FIN DE SOIRÉE

En fin de soirée, la montée de l'écœurement est un phénomène inévitable. Il y a une espèce de planning de l'horreur. Enfin, je ne sais pas; je pense.

L'expansion du vide intérieur. C'est cela. Un décollage de tout événement possible. Comme si vous étiez suspendu dans le vide, à équidistance de toute action réelle, par des forces magnétiques d'une puissance monstrueuse.


Ainsi suspendu, dans l'incapacité de toute prise concrète sur le monde, la nuit pourra vous sembler longue. Elle le sera, en effet.

Ce sera, pourtant, une nuit protégée; mais vous n'apprécierez pas cette protection.

Vous ne l'apprécierez que plus tard, une fois revenu dans la ville, une fois revenu dans le jour, une fois revenu dans le monde. Vers neuf heures, le monde aura déjà atteint son plein niveau d'activité. Il tournera souplement, avec un ronflement léger. Il vous faudra y prendre part, vous lancer – un peu comme on saute sur le marchepied d'un train qui s'ébranle pour quitter la gare. Vous n'y parviendrez pas. Une fois de plus, vous attendrez la nuit – qui pourtant, une fois de plus, vous apportera l'épuisement, l'incertitude et l'horreur. Et cela recommencera ainsi, tous les jours, jusqu'à la fin du monde.


Derrière mes dents et jusqu'au fond de ma gorge mon palais est tapissé de ramifications brunes, rigidifiées et entremêlées comme des branches mortes; mais à l'intérieur vit un nerf de douleur. Leurs indentations et leurs divisions sont si fertiles que les tiges forment un buisson touffu, comme une surface légèrement rugueuse au-dessus de la chair; ces faibles tiges supportent à peine le poids du paquet de branches mortes qui les surmonte.
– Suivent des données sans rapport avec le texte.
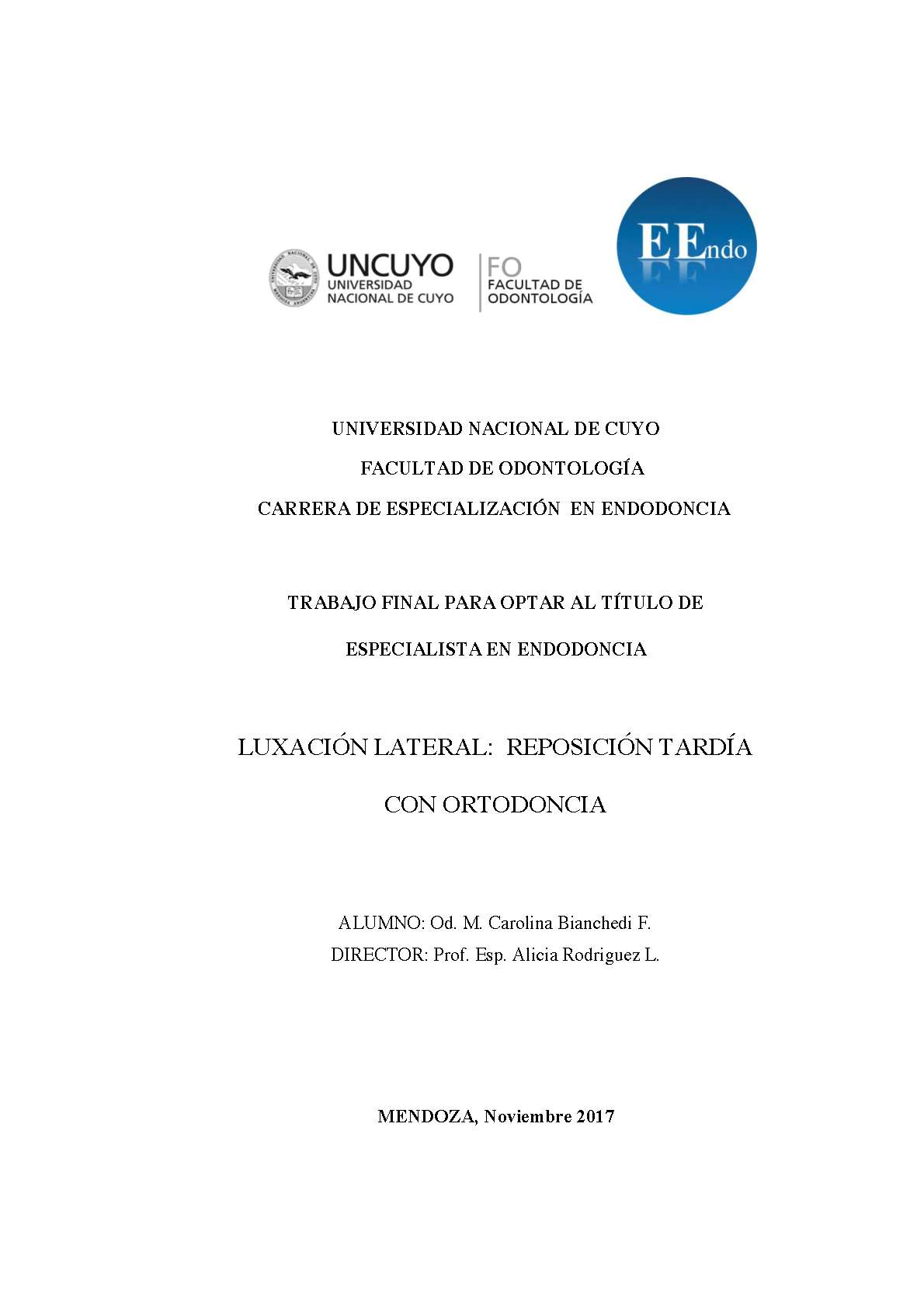 Bianchedi Ferrando, María Carolina. (2017). Luxación lateral: reposición tardía con ortodoncia (Trabajo final de especialización). Mendoza, Universidad Nacional de Cuyo. Facultad de Odontología .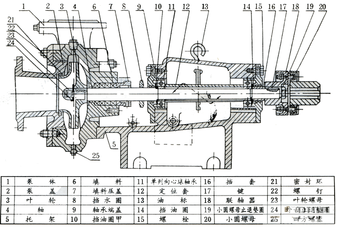 圖1表示BA型水泵的縱剖面結(jié)構(gòu)圖,軸的兩端以單列向心球軸承支承,用稀油潤(rùn)滑。

La surface en dessous est sale, avec de gros grumeaux de crasse, des capsules et des bouteilles vides qui roulent et frappent les tiges, parcourant l'ensemble du massif d'un frémissement douloureux. Il y a même un os de seiche;ies ramifications ont poussé autour, se sont rigidifiées et durcies.


J'ai peur que quelqu'un vienne avec un peigne de métal et commence à le passer dans ce buisson. L'ensemble craquerait et s'arracherait de l'intérieur de ma bouche dans un jaillissement mou; les racines de mes dents viendraient avec, tout s'arracherait et pendrait de ma bouche comme une masse de chair filamenteuse et saignante.
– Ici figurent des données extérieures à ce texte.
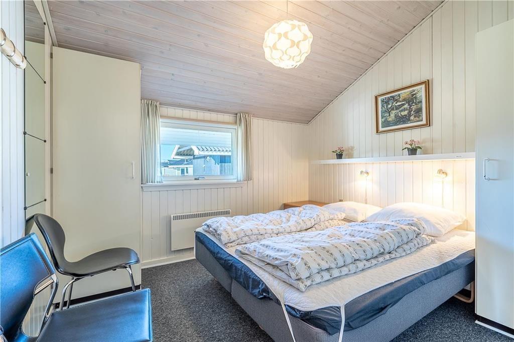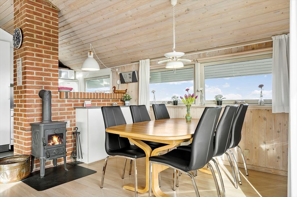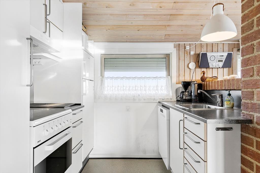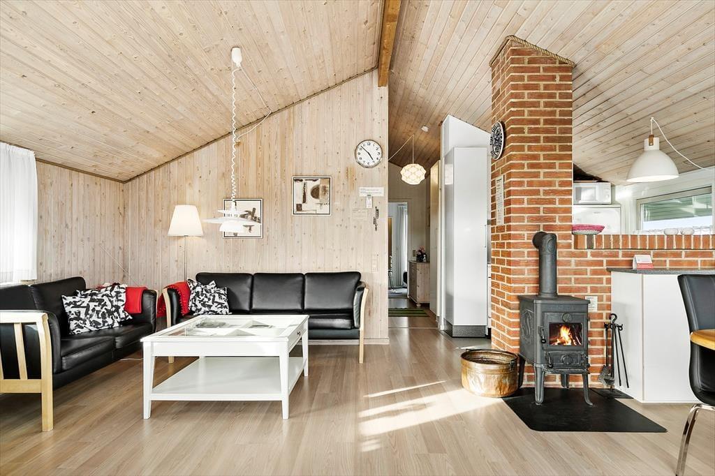 Feriehuset er indrettet med tre soveværelser med sengepladser til seks personer. Badeværelset har bruseniche og vaskemaskine, og der er tilmed en tilstødende sauna. I opholdsafdelingen ligger køkkenet og stuen i åben forbindelse, og her har I god plads til at være sammen om madlavning og måltider. Køkkenet er tosidet og udrustet med opvaskemaskine, så rengøringen går som en leg. Stuen har loft til kip og store vinduespartier, der giver et skønt lysindfald. Varmepumpen holder sammen med brændeovnen en behagelig temperatur, og med et spisebord såvel som et hyggeligt sofaarrangement kan I rigtigt hygge jer med en god bog, brætspil eller en film.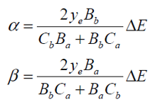 發光子層的導納記為ye,該層的相位厚度為零。多層結構被發光層分為a和b部分,b部分在z軸正方向上。在發光子層中電場用Ba和Bb表示,磁場用Ca和Cb表示,其中B、C和合適的傳播方向形成了常用的右手性質。因此Ca為y軸負方向。在a和b區域分別用乘數α和β,并篩選這些乘數以確保連續性條件。在通常的歸一化情況下,輸出介質中的電場是一致的。在這種情況下,它變為α和β。定義兩種逸出介質的導納為ya和yb。

Le lobe de mon oreille droite est gonflé de pus et de sang. Assis devant un écureuil en plastique rouge symbolisant l'action humanitaire en faveur des aveugles, je pense au pourrissement prochain de mon corps. Encore une souffrance que je connais mal et qui me reste à découvrir, pratiquement dans son intégralité. Je pense également et symétriquement, quoique de manière plus imprécise, au pourrissement et au déclin de l'Europe.
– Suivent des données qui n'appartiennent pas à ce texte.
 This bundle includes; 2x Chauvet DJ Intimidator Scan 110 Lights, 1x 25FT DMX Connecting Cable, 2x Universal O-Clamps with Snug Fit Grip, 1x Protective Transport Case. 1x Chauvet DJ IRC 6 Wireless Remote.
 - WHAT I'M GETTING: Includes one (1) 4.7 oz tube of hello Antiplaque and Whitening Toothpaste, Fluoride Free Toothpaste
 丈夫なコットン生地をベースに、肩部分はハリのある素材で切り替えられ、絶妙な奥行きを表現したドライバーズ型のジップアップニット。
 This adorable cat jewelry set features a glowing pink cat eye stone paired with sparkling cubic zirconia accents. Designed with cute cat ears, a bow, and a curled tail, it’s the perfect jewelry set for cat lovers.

Attaqué par la maladie, le corps ne croit plus à aucune possibilité d'apaisement. Mains féminines, devenues inutiles. Toujours désirées, cependant.


Bouche entrouverte, comme des carpes, nous laissons échapper des renvois de mort. Pour dissimuler l'odeur de mort qui sort de nos gueules, qui sort invinciblement de nos gueules, nous émettons des paroles.


Les pierres calcaires qui composent nos maisons sont des animaux morts. Des animaux écartelés, dépecés, desséchés; des coquillages éviscérés. Des coquillages écrasés, triturés, malaxés par la violence interne de la terre; par la terrifiante chaleur des entrailles de la terre. Des animaux conglomérés et morts.